A Systematic Review of Studies Comparing Estimation Accuracy between Cross-company and Within-company Effort Models

Emilia Mendes (Univ of Auckland, NZ)

OBJECTIVE – The objective of this talk is to present our findings regarding under what circumstances individual organisations would be able to rely on cross-company based estimation models.

METHOD – We performed a systematic review of studies that compared predictions from cross-company models with predictions from within-company models based on analysis of project data.

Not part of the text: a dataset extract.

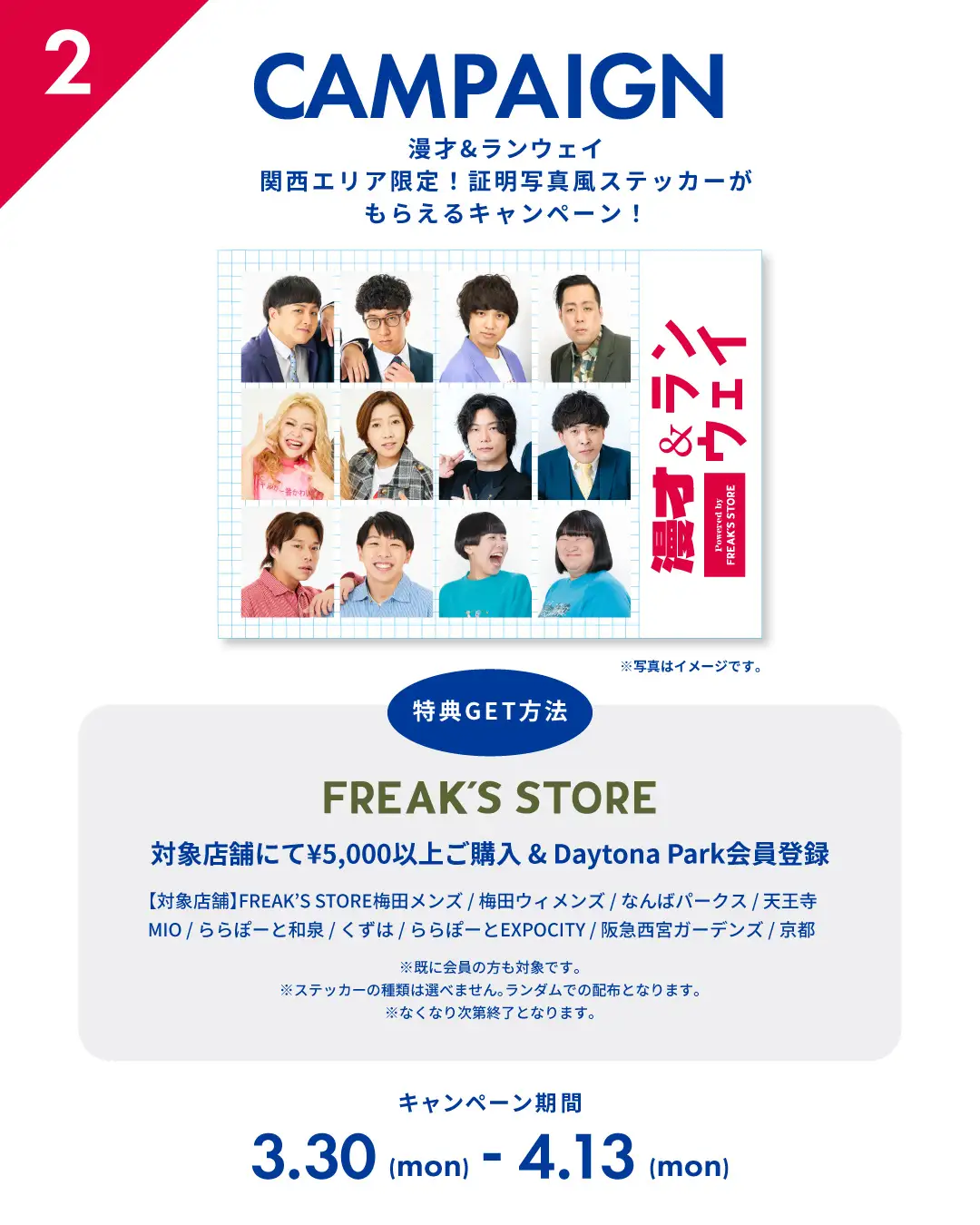 また、イベントを開催を記念し、FREAK’S STORE公式オンラインストア「Daytona Park(デイトナパーク)」内ではエバース&ヨネダ2000のサイン入りアイテムが当たるキャンペーンや、 FREAK’S STORE関西エリアの店舗では出演芸人の証明写真風ステッカー(全7種)がもらえるキャンペーンを実施します。

RESULTS – Ten papers compared cross-company and within-company estimation models, however, only seven of the papers presented independent results. Of those seven, three found that cross-company models were as good as within-company models, four found cross-company models were significantly worse than within-company models. Experimental procedures used by the studies differed making it impossible to undertake formal meta-analysis of the results. The main trend distinguishing study results was that studies with small single company data sets (i.e. <20 projects) that used leave-one-out cross-validation all found that the within-company model was significantly more accurate than the cross-company model.

CONCLUSIONS – The results of our systematic review are inconclusive. It is clear that some organisations would be ill-served by cross-company models whereas others would benefit. Further studies are needed, but they must be independent (i.e. based on different data bases or at least different single company data sets) and should address specific hypotheses looking at the conditions that would favour cross-company or within-company models. In addition, experimenters need to standardise their experimental procedures to enable formal meta-analysis.